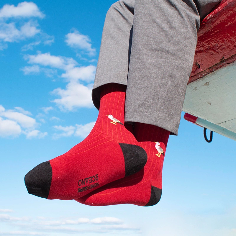 Dicen que los calcetines rojos son los más elegantes porque los lucen las personalidades más importantes. Ahora los puedes llevar tú con nuestro particular toque oceánico.
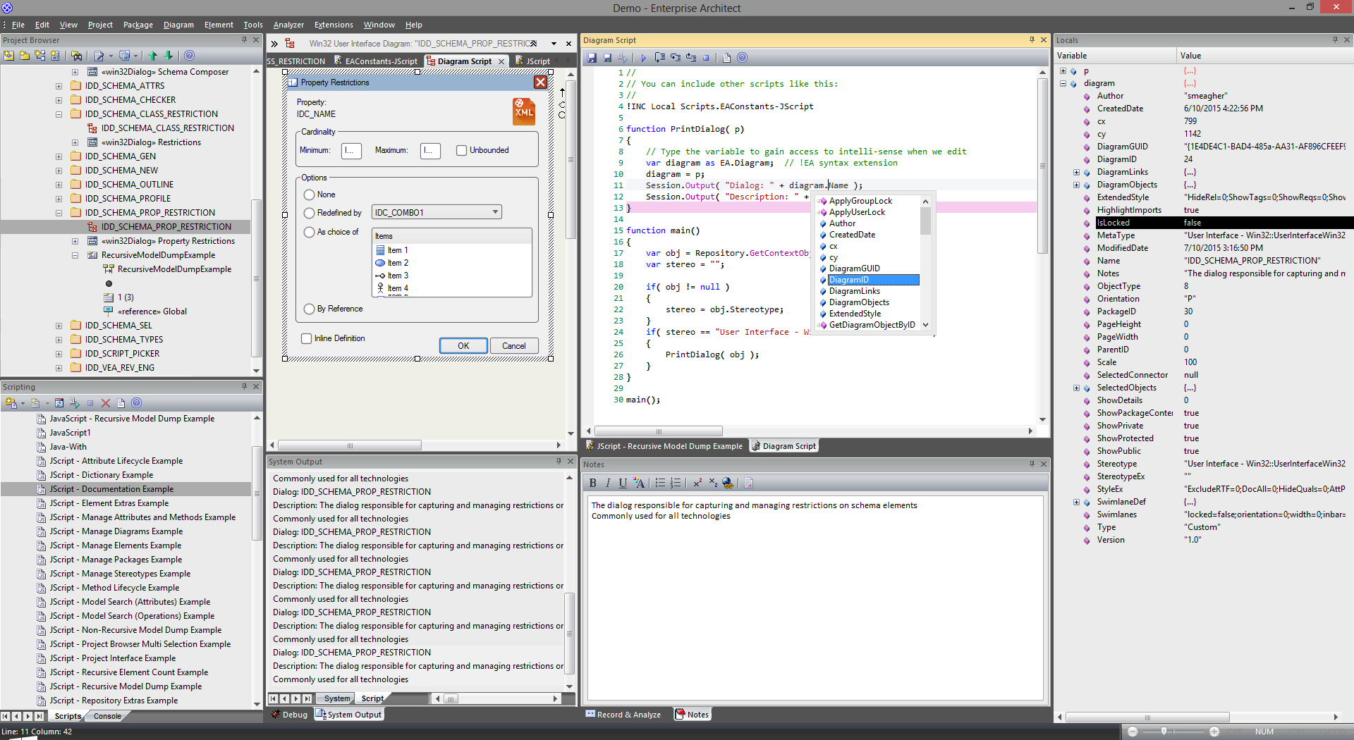 The automation interface is available from a scripting framework built into the Enterprise Architect user interface, through external scripting environments, or through Add-Ins that can be built in a wide range of programming languages.
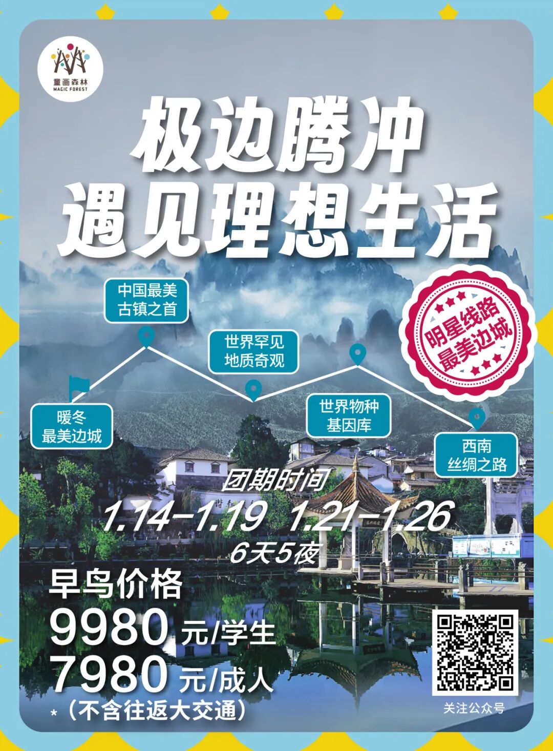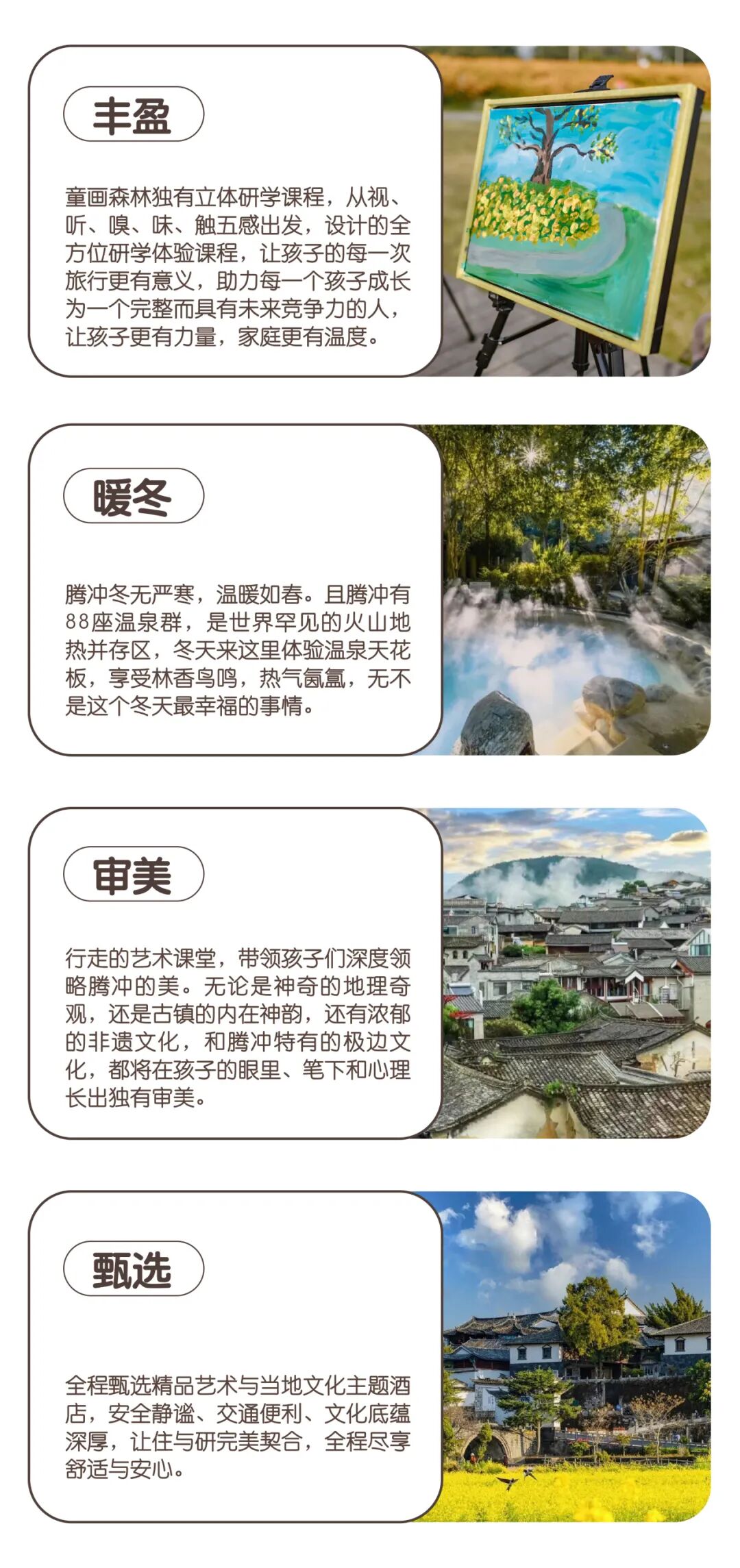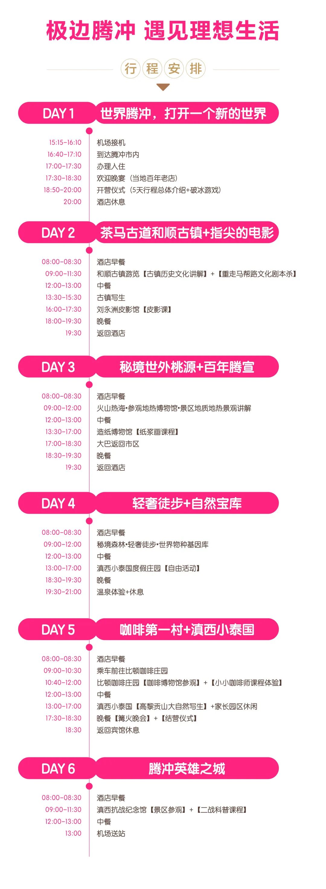 2025寒假|极边腾冲,遇见理想生活腾冲,从仙境坠落的地方 《国家地理》推荐一生必去的小镇 徐霞客记忆中最美的“极边第一城” 这里有一座世界名山——高黎贡山 有一个世界罕见的地质奇观——火山热海 有一条古往今来的通道——西南丝绸之路 有一段断气回肠的滇西抗战史 一个人的丽江,两个人的大理,一家人的腾冲 带上家人,带上好奇 跟随童画森林的专业领队 一起探索未知的世界 ![]() ![]() ![]() 快来跟上 童画森林的专业研学导师 即刻出发,去最美边城 度假&研学两不误 ![]() ![]() 【行程亮点】 ![]() ![]() 【核心研学内容】 01 西南古丝绸之路的必经之地,中国古代建筑活化石 ![]() 漫步在古朴、干净的青石板小巷,像走在古镇的每一条叶脉上,气派的牌坊、典雅的月台、亭阁,一栋栋明清的徽派建筑,在古树的掩映下更显厚重。这些古式建筑中,有的十分巧妙地加入了异域的元素,欧式的窗户、南亚的大门,与中式的四合五天井、三房一照壁融为一体,彰显出侨乡多元文化的的交融。 课程与活动 Course & Activities 腾 冲 ⭐《古镇历史文化讲解》 ⭐《重走马帮路文化剧本杀》 ⭐《明清古建筑写生》 02 静看一场皮影,体味一生的坚守 ![]() 作为腾冲市固东镇刘家寨皮影戏的第四代传人,他年逾古稀却仍然活跃在皮影制作、演出的第一线。与年逾古稀的非遗传承人刘永周来一场腾冲独有的3D皮影艺术与旅,感受一生坚守的匠心精神,体验科技+传统非遗文化的魅力。 课程与活动 Course & Activities 腾 冲 ⭐《传统灯影戏观赏》 ⭐《皮影制作与绘画》 ⭐《光影的故事之皮影表演》 03 天然地热博物馆,早在明清享有“一泓热海”的盛誉 ![]() 腾冲的地热资源丰富,有沸泉、气泉、温泉等,是中国三大地热区之一。热海尤其有名,徐霞客游记中对腾冲热海如此描述:“遥望峡中蒸腾之气,东西数处,郁然勃发,如浓烟卷雾,东濒大溪,西贯山峡”。 课程与活动 Course & Activities 腾 冲 ⭐《中国.腾冲地热地质博物馆讲解》 ⭐《温泉奇观寻宝》 04 是什么让他们300年匠心坚守? ![]() 在腾冲界头的很多村寨,至今仍保留着中国最古老的造纸手法,也就是手工抄纸技术。腾宣已传承300年,1941年,徐悲鸿从东南亚取道腾冲归国时,特意买了三卷滕宣纸。据说腾宣作画后别人无法偷揭。 课程与活动 Course & Activities 腾 冲 ⭐《古法造纸博物馆参观》 ⭐《当地居民家交流》 ⭐《纸浆画绘画》 05 在山水之间叩响被遗忘的人间秘境的大门 ![]() 徒步不是单纯的爬山走路,而是一种行走的自然教育。在深度接触大自然中,学会生存技巧,感受大自然的灵气,学会坚持和毅力。高黎贡山有记载的高等植物4800多种,国家重点保护动物80多种。轻徒5公里(根据体力可不全程参与),跟着护林员一起探索自然宝库,感受时光和自然的温度,静谧当中还有灵动,偶然回头,是大树杜鹃的壮丽,和小熊猫的挥舞。 课程与活动 Course & Activities 腾 冲 ⭐《徒步技巧学习与登山杖制作》 ⭐《沿途自然观察与讲解》 06 在小粒咖啡的发源地,唤醒咖啡原始的纯粹味道 ![]() 云南已有130年的咖啡种植历史,现已经成为了全国最大的咖啡产区,我们将前往中国咖啡第一村新寨古村,一个集咖啡文化和自然风光于一体的淳朴村落,在咖啡博物馆了解学习咖啡的前世今生。变身小咖农,从咖啡树成长过程到咖啡豆的采摘晾晒,从咖啡豆处理方式到咖啡的研磨冲泡,完整的体验咖啡制作全流程。 课程与活动 Course & Activities 腾 冲 ⭐《咖啡博物馆参观讲解》 ⭐《我是小咖农之咖啡课程体验》 07 走进高黎贡山脚下,探秘藏在潞江坝的世外桃源 ![]() 在每个久居都市的人心中,都希望有一处属于自己的世外桃源,就像宫崎骏笔下的世界一样,干净美好,舒适宜人。高黎贡勐赫小镇,就是一座藏在潞江坝的世外桃源,它背靠“世界物种基因库”之称的高黎贡山,依存怒江。寒假,我们将在这里遇见最美的春天,古树鲜花绿草尽收眼底,感受勐赫的民族风情。 课程与活动 Course & Activities 腾 冲 ⭐《自由休闲度假》 ⭐《高黎贡山大自然风景写生》 ⭐《天然温泉体验》 ⭐《傣族篝火晚会》 ⭐《结营仪式》 08 聆听抗战文化,全观边城腾冲 ![]() 这是一段到了现场才能听到的历史。腾冲作为“滇西抗战”的主战场之一,可谓“一寸山河一寸血”。滇西抗战纪念馆为我们详实地记录了滇西印抗战史实,踏进纪念馆,聆听腾冲抗战文化,了解那一段血与火的悲壮历史,从另一个视角看边城文化,把爱的种子种植在孩子的心灵深处。 课程与活动 Course & Activities 腾 冲 ⭐《二战科普课程》 ![]() ![]() 当地特色餐厅,寻味最地道腾冲美食 ![]() ![]() ![]() 比顿咖啡餐:当地小粒种咖啡与菜肴相结合,每一道菜里都由浓郁的咖啡因素,从咖啡叶到咖啡花,在品尝美味的同时还能通神、助眠。 ![]() ![]() 马帮大院:充满浓厚马帮文化的大院式餐厅,坐落在院内用餐,仿佛置身300年的马帮历史当中,一个个鲜活的人物从旁穿越,品尝马帮特色荞麦饼,尝试一口马帮油炸零碎,在遥远的路也挡不住故乡的温柔。 ![]() ![]() 茶博园餐厅:高黎贡茶餐厅,所有配菜和米饭均是用茶叶蒸煮,茶叶的清香弥漫着菜肴的味道,一碗一筷都有悠闲的味道。 ![]() ![]() 乡村小花园:当地网红餐厅,仅仅是步入大门,就能感受到花园的味道,古色古香的亭台楼阁,错落有致的花卉盆栽,当地特色的稀豆粉、鹅油拌饭,每一帧都让人回味
=======
## How to complete this task
Extract the lines exactly, please: the first line of the listing, the line with "The automation interface", and every line between them, but no pictures.

## Task result
 Dicen que los calcetines rojos son los más elegantes porque los lucen las personalidades más importantes. Ahora los puedes llevar tú con nuestro particular toque oceánico.
 The automation interface is available from a scripting framework built into the Enterprise Architect user interface, through external scripting environments, or through Add-Ins that can be built in a wide range of programming languages.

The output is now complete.